● Task description: With the images excluded, set down every line of the listing below exactly.

● Raw data:
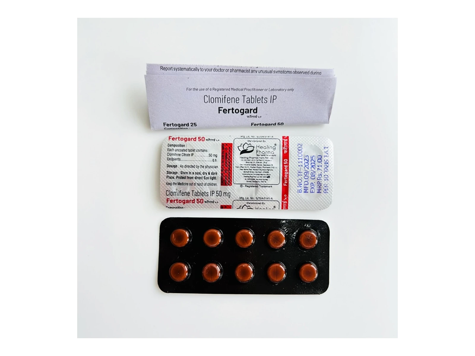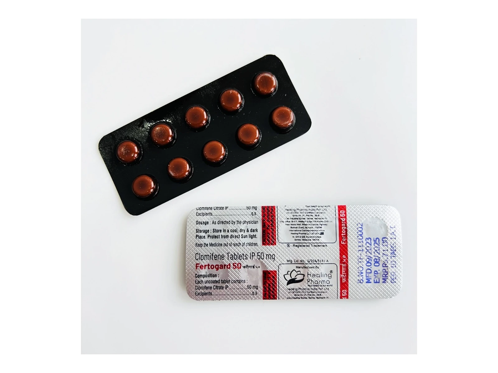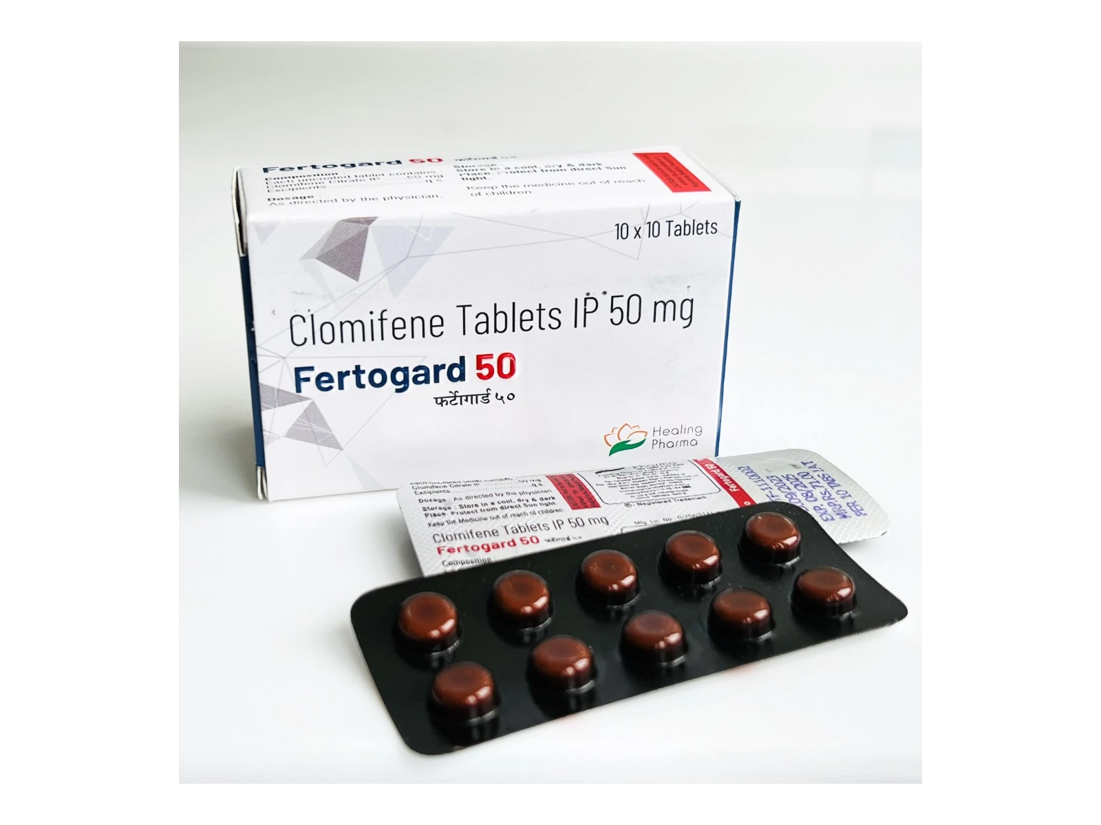 Основною діючою речовиною в цьому препараті є кломіфен. Фертогард 50 - один з небагатьох способів викликати овуляцію при безплідді, спричиненому ановуляцією або олігоовуляцією. Немає доказів використання кломіфену у безплідних людей без визнаних причин. У таких випадках дослідження показали, що при прийомі кломіфену порівняно з плацебо наукова частота настання вагітності протягом циклу становить 5,6%. Правильна тривалість прийому препарату має вирішальне значення; його необхідно приймати з п'ятого дня циклу, а також щоденно перемішувати. Кліфіфен включає рівні стереоізомери: енкломіфен і зукломіфен. Зукломіфен має виражену естрогенну дію, в той час як енкоміфен - виражену андрогенну, тобто стимулює вироблення тестостерону за рахунок стимуляції осі ГРГ.
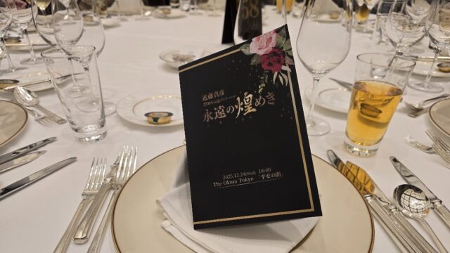 ディナーショー 近藤真彦:45周年記念ディナーショー永遠の煌めき 2025年12月26日 ikuyo VERYまっち! 2025年12月24日(水)18時~ The Okura Tokyo「平安の間」 今年もマッチのディナーショーに行ってきました! …
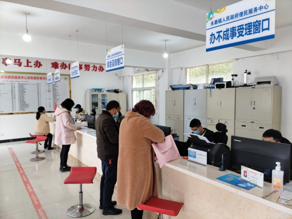 在永泰镇便民服务中心大厅,各个窗口工作人员正在耐心接待办事群众。该中心于2020年建成投入运行,下设一个服务站和13个便民服务室,实现服务网点全覆盖,彻底解决了服务群众“最后一公里”问题。中心现已入驻政务服务事项139项,入驻自然资源所、司法所、市场监管所等3个县级派驻机构。中心服务全镇2.5万余群众,年办理事项约2.8万余项。

● Response for this exercise:
 Основною діючою речовиною в цьому препараті є кломіфен. Фертогард 50 - один з небагатьох способів викликати овуляцію при безплідді, спричиненому ановуляцією або олігоовуляцією. Немає доказів використання кломіфену у безплідних людей без визнаних причин. У таких випадках дослідження показали, що при прийомі кломіфену порівняно з плацебо наукова частота настання вагітності протягом циклу становить 5,6%. Правильна тривалість прийому препарату має вирішальне значення; його необхідно приймати з п'ятого дня циклу, а також щоденно перемішувати. Кліфіфен включає рівні стереоізомери: енкломіфен і зукломіфен. Зукломіфен має виражену естрогенну дію, в той час як енкоміфен - виражену андрогенну, тобто стимулює вироблення тестостерону за рахунок стимуляції осі ГРГ.
 ディナーショー 近藤真彦:45周年記念ディナーショー永遠の煌めき 2025年12月26日 ikuyo VERYまっち! 2025年12月24日(水)18時~ The Okura Tokyo「平安の間」 今年もマッチのディナーショーに行ってきました! …
 在永泰镇便民服务中心大厅,各个窗口工作人员正在耐心接待办事群众。该中心于2020年建成投入运行,下设一个服务站和13个便民服务室,实现服务网点全覆盖,彻底解决了服务群众“最后一公里”问题。中心现已入驻政务服务事项139项,入驻自然资源所、司法所、市场监管所等3个县级派驻机构。中心服务全镇2.5万余群众,年办理事项约2.8万余项。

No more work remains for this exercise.